Why consider 1 when 2 can give you twins? A twin pregnancy is a complicated pregnancy. The idea of twins in not foreign because twins occur naturally. We all have friends or family members who are healthy twins. The problem is we may not know about the twins that delivered early, suffered early death, or are surviving with long term disability. The number one issue with twins is early delivery. We say twins deliver about a month earlier than singletons, bringing the gestation to about 36 weeks, no big deal. Delivery at 24-30 weeks is a very big deal. And yes it’s true even singletons can deliver early, but the odds are lower.
All this being said, almost all women still prefer to get at least 2 embryos back, which is fine. People are surprised to hear they have the option of requesting 1.
And again, please see disclaimer 5/17/06

References:

  • Jain T, Missmer SA, Hornstein MD. Trends in embryo-transfer practice and in outcomes of the use of assisted reproductive technology in the United States. N Engl J Med. 2004 Apr 15; 350(16):1639-45.
  • Mullin CM, Fino ME, Talebian S, Krey LC, Licciardi F, Grifo JA. Comparison of pregnancy outcomes in elective single blastocyst transfer versus double blastocyst transfer stratified by age. Fertil Steril. 2010 Apr; 93(6):1837-43.

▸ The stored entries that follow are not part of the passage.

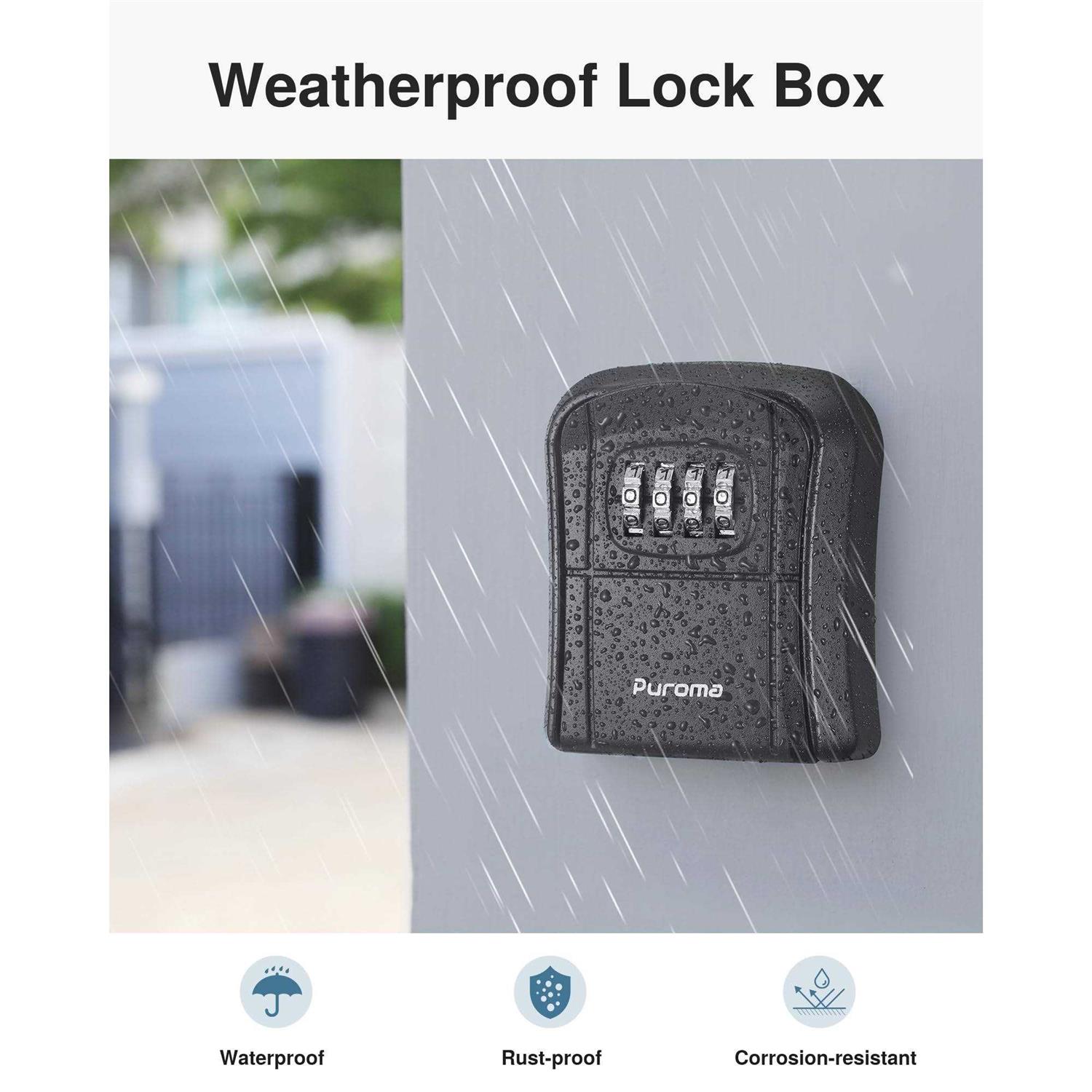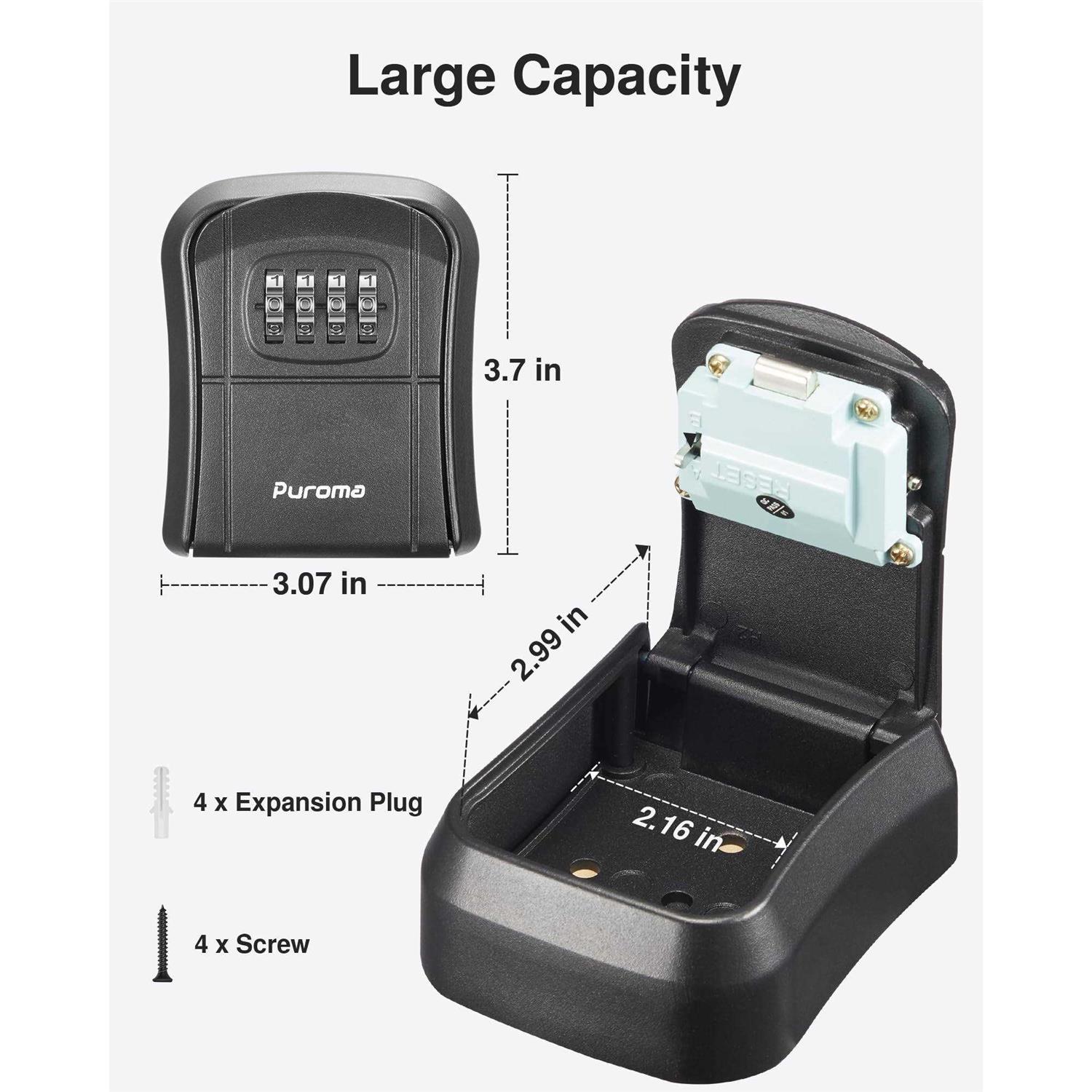 Wall Mounted Lockbox: It comes with the necessary mounting hardware. You can securely mount it on the wall of your home or office with the provided 4 screws and 4 expansion plugs. 2 black rubber plugs included prevent dust or water from entering the lockbox. Sturdy Security Lockbox: Puroma Key storage lock box is made of high-quality aluminum alloy and steel to keep your keys safe. Rustproof, cut-resistant and effective resistance to violent damage caused by hammering, sawing, or prying open. Easy to Use: The lock box code is pre-set with 0-0-0-0, you can reset your new custom 4-digit code in 4 simple steps. The numbers of dials are easy to move, providing you with 10,000 possible combinations. Safe and convenient. Large Capacity: The key lock box has a large internal storage space for safely storing your house keys. You can put your keys in the lockbox for emergency entry when you go out for business or a trip. Never worry about losing your keys. Wide Application: This key lockbox is rust-proof, corrosion-resistant, and weatherproof, suitable for home, office, garage, apartment entrance, and rental house key storage. Perfect for Airbnb realtors, cleaners, pet sitters, etc.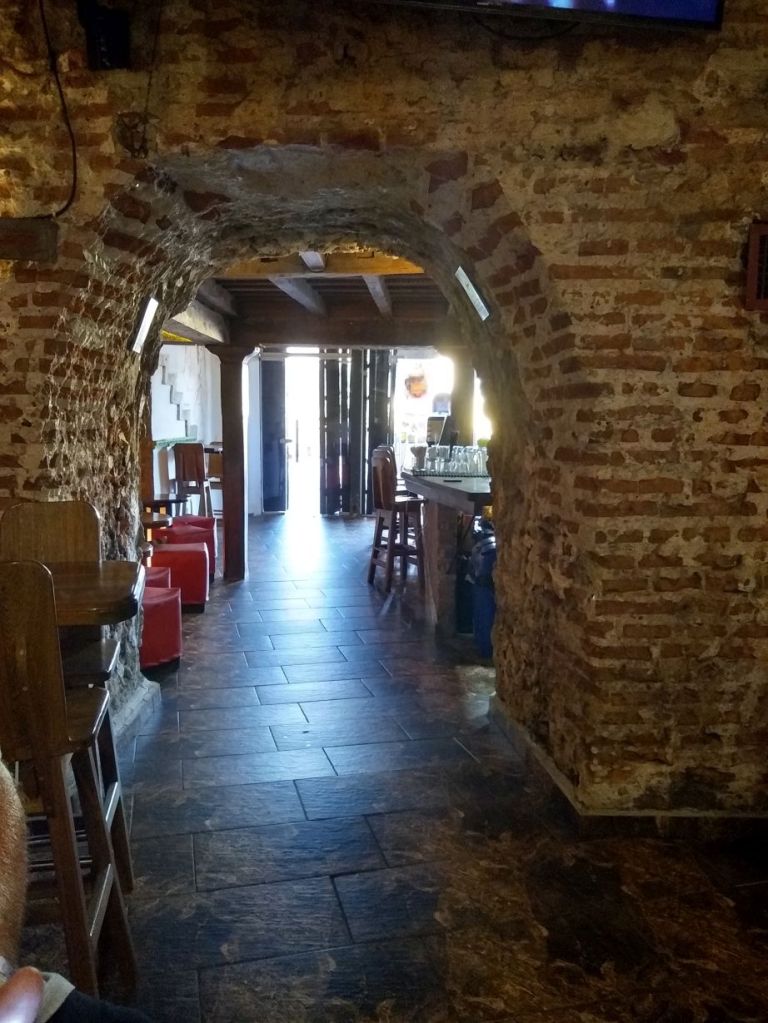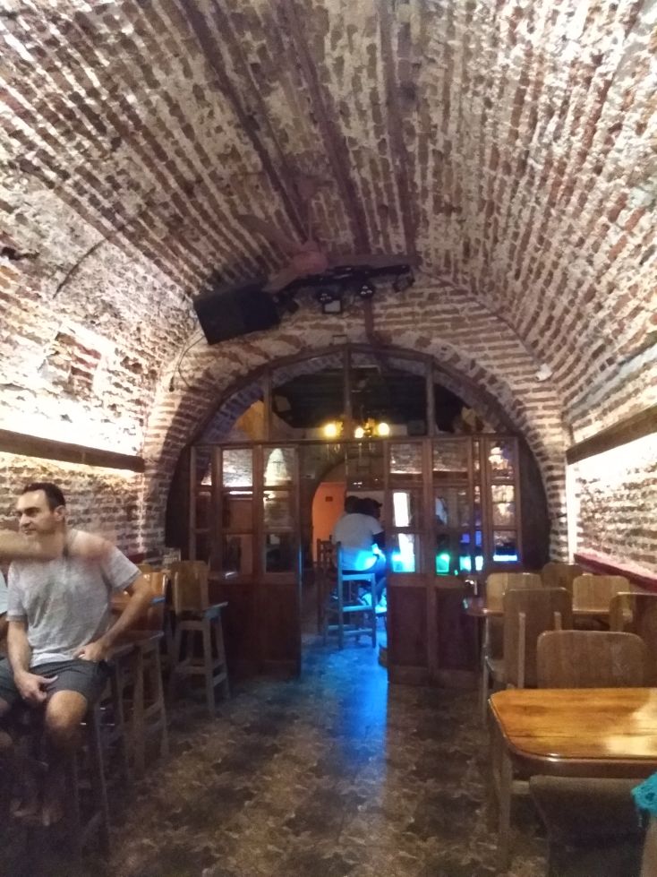 Back out into the picturesque streets, we wind our way toward the pier, with enough time left to stop off for a refreshing beverage. What else? We stop at this great little place called Humarea Bar and Grill. There is a bar in the front room where we are about to sit, but the waitress shows us to the back room, which is a totally cool arched brick room with 4-top tables, that opens up into another arched brick room further in the back with glass partitions and yet another bar. We’re thinking this is a late night sort of place, because they are playing music videos on the TVs (oh and probably a sports place too, with the multiple TVs). But, for right now, it is fairly empty with just a few folks at the back bar and another couple that come in after we’ve settled in with our beers. Nice little interlude before heading back to the sightseeing boat for our ride back to the ship.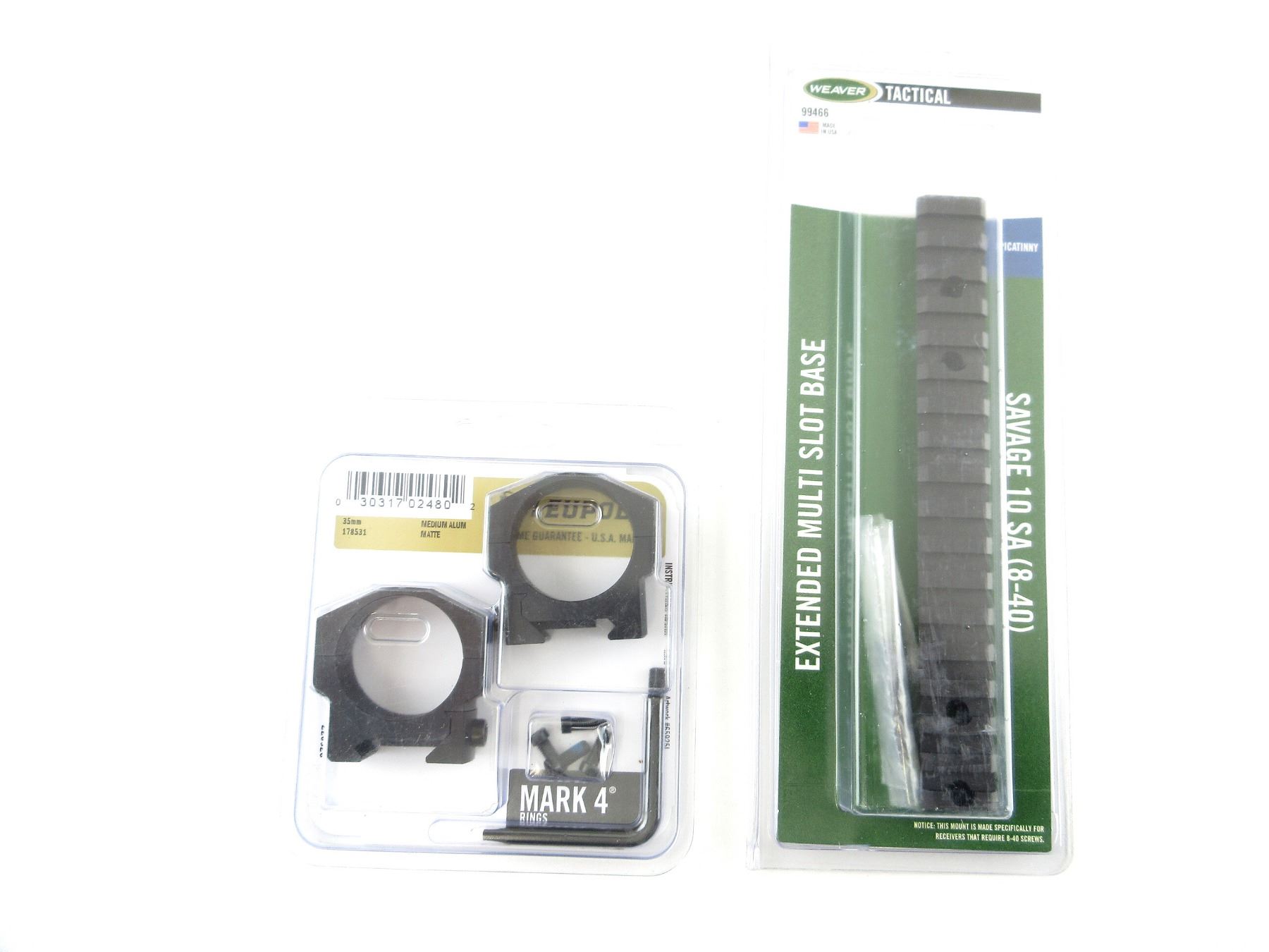 LOT INCLUDES; (1) SET OF 35MM MARK 4 SCOPE RINGS, BLACK MATTE ALUMINIUM, MEDIUM, PART #: 178531, APPEARS NEW OLD STOCK IN ORIGINAL PACKAGING & (1) SAVAGE 10 SHORT ACTION (8-40) EXTENDED MULTI SLOT BASE, BLACK ALUMINIUM CONSTRUCTION, PART #: 99466, APPEARS NEW OLD STOCK IN ORIGINAL PACKAGING. MAY REQUIRE FITTING. SEE PHOTOS.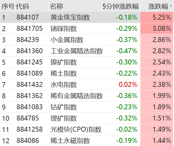盘面上,上午有色金属领涨市场,黄金珠宝、工业金属、镍矿、稀土、钴矿等概念全线走高,汽车、电力、油气、钢铁等板块存在局部行情。白酒股不振,光刻机、BC电池、血液制品等概念走低。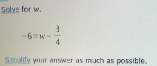 Solved: Solve for w. -6=w- 3/4 Simplify your answer as much as possible ...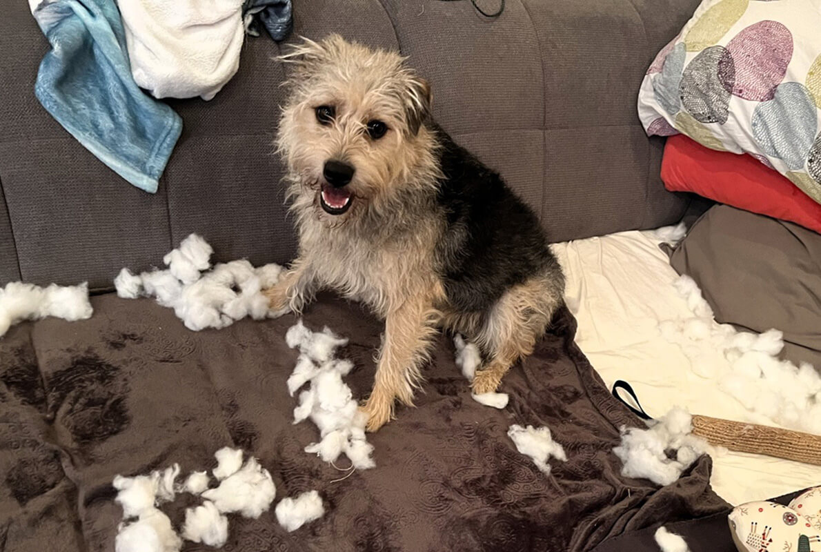 Inzwischen hat er sich schon ganz gut eingelebt (hat ein bissl gedauert, da er seeeehr ängstlich war gegenüber Menschen, Geräuschen und sonst so allem was er noch nicht gekannt hat). Gerne zerlegt er sein Spielzeug in die Einzelteile und dabei kann er sehr unschuldig schauen. Auch die Verteidigung von Haus und Garten nimmt er sehr ernst :-). Feind Nr. 1 ist der Typ im gelben Auto, der immer Briefe und Packerl bringt :-). Aber auch sonst erschreckt er gerne alle die am Haus vorbeigehen. Beim Spazierengehen ist er inzwischen eine gnadenlose Lokomotive und im Garten spielt er am liebsten Verstecken und Fangen.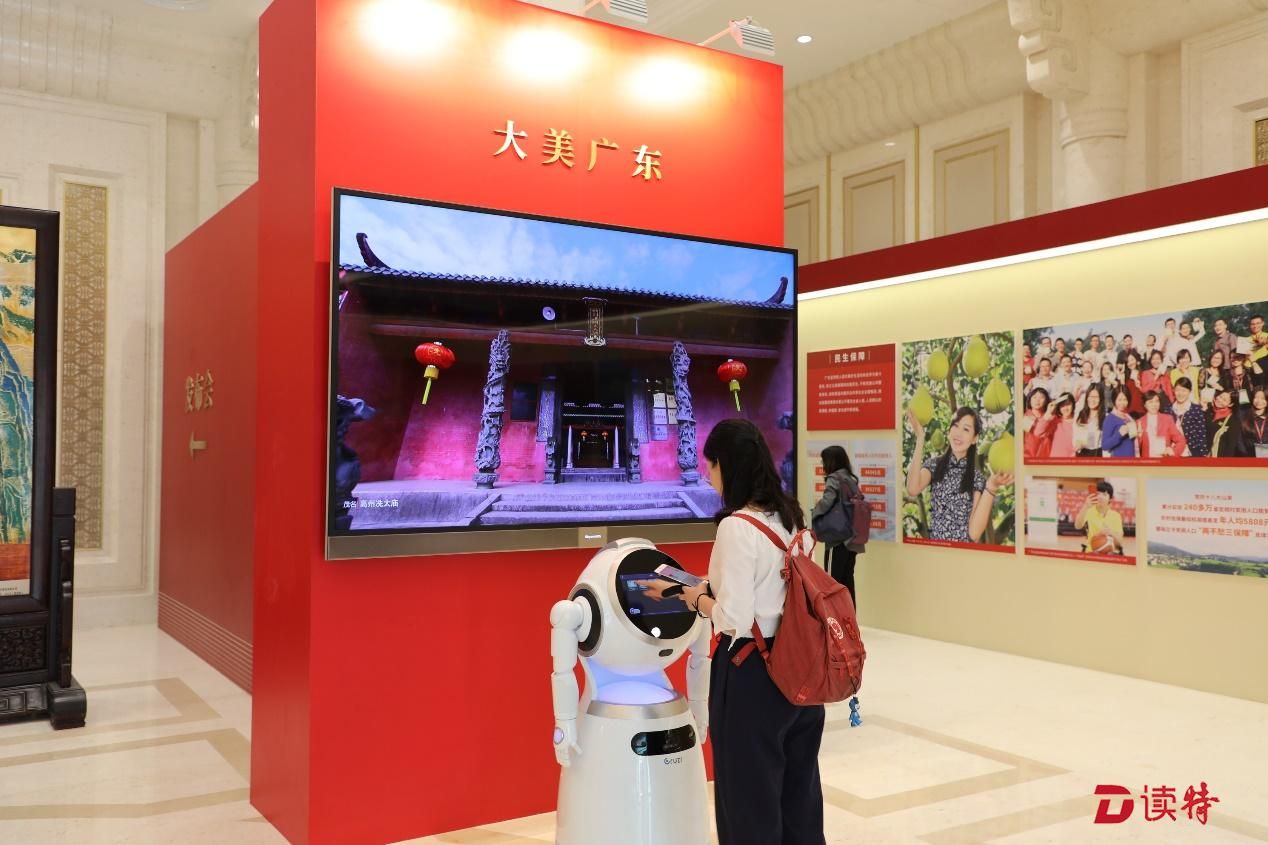 新中國成立70周年廣東省成果展入口處克魯澤提供智能迎賓服務(wù)。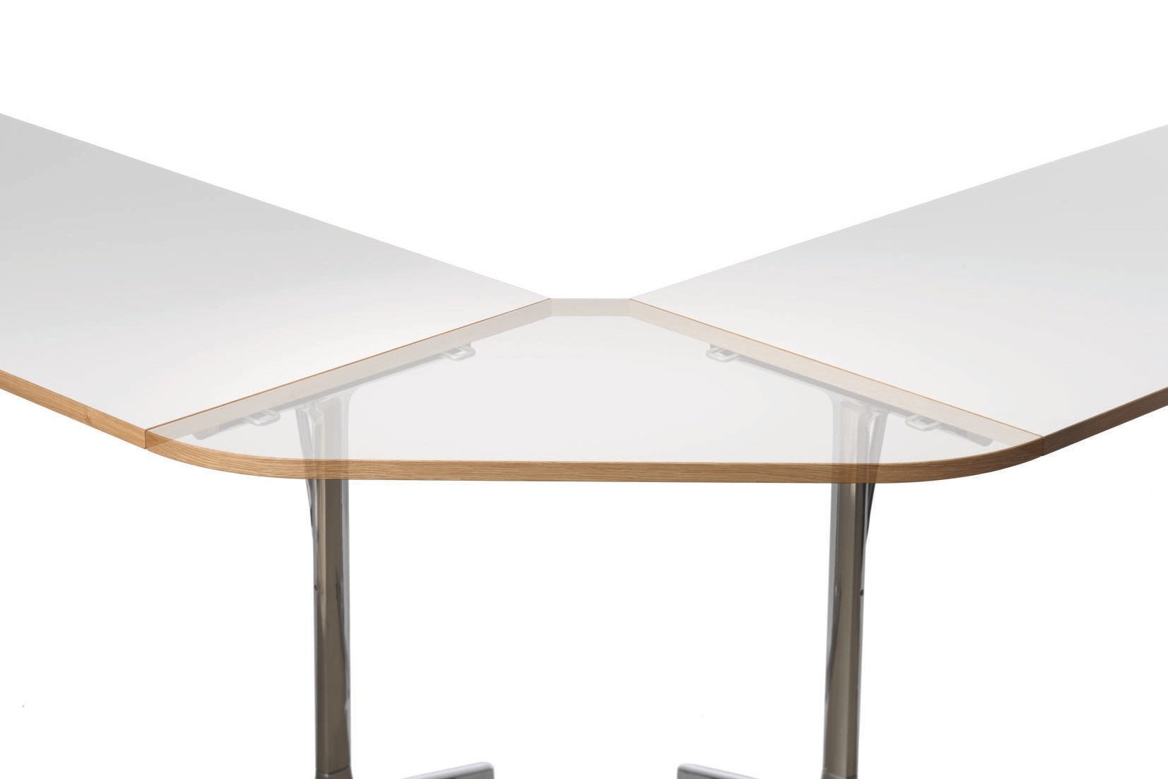 Vele tafelopstellingen mogelijk: met drie tafelvoeten, zes dieptes, acht breedtes, stand-alone en systeemtafels, die bladeren en tafels met elkaar verbinden in een rechte lijn of in een hoek worden geplaatst.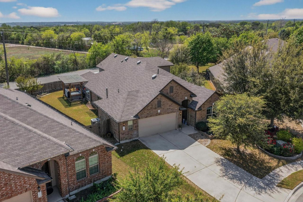 Nestled on a semi cul-de-sac in the desirable Whispering Hollow community, this spacious two-story home offers 2,617 square feet with 5 bedrooms, 3 full baths, and a flexible layout designed for comfortable everyday living. High ceilings and abundant natural light enhance the open floor plan, creating an inviting atmosphere throughout the main living spaces. The expansive living room provides plenty of room for entertaining and flows seamlessly into the eat-in kitchen. The kitchen is equipped with granite countertops, new stainless steel appliances, a breakfast bar, separate center island, and generous cabinetry for ample storage. The private primary suite features a vaulted ceiling, 2 separate His & Hers walk-in closets, and a spa-like bathroom with separate granite-topped vanities, a soaking tub, and walk-in shower. Three additional guest bedrooms are located on the main level, while upstairs offers a versatile game/media room, a full bath and a fifth bedroom ideal for guests or a home office. Step outside to enjoy the covered back patio with conveying hot tub under a pergola, a gas grill overlooking the huge fenced backyard with stone flower beds, offering plenty of space to add a pool or create your own dream outdoor retreat. Residents of Whispering Hollow enjoy access to community amenities including a park, 2 playgrounds, trails and a pool, all in a convenient Buda location. Schedule a showing today!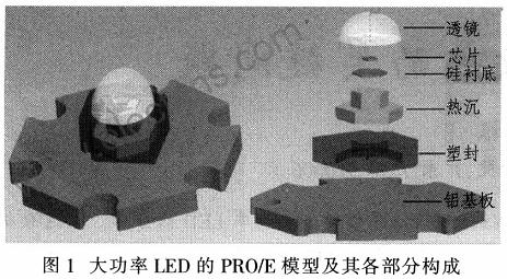 圖1為依據(jù)常見1w大功率LED尺寸建立并簡(jiǎn)化、海鷗翼封裝鋁熱沉的大功率LED圖形,底座接在MCPCB鋁基板上。主要數(shù)據(jù):芯片尺寸為1mm×1mm×O.25mm,透鏡為直徑是13mm的半球。硅襯底為邊長(zhǎng)17mm,高0.25mm的正六棱柱,MCPCB為直徑20mm,高1.75mm的六角星形鋁質(zhì)基板。

  • The Practice Committee of the American Society for Reproductive Medicine and the Practice Committee of the Society for Assisted Reproductive Technology. Criteria for number of embryos to transfer: a committee opinion. Fertil Steril. 2012 Oct 22.
  • Niinimäki M, Suikkari AM, Mäkinen S, Söderström-Anttila V, Martikainen H. Elective single-embryo transfer in women aged 40-44 years. Hum Reprod. 2012 Nov 22.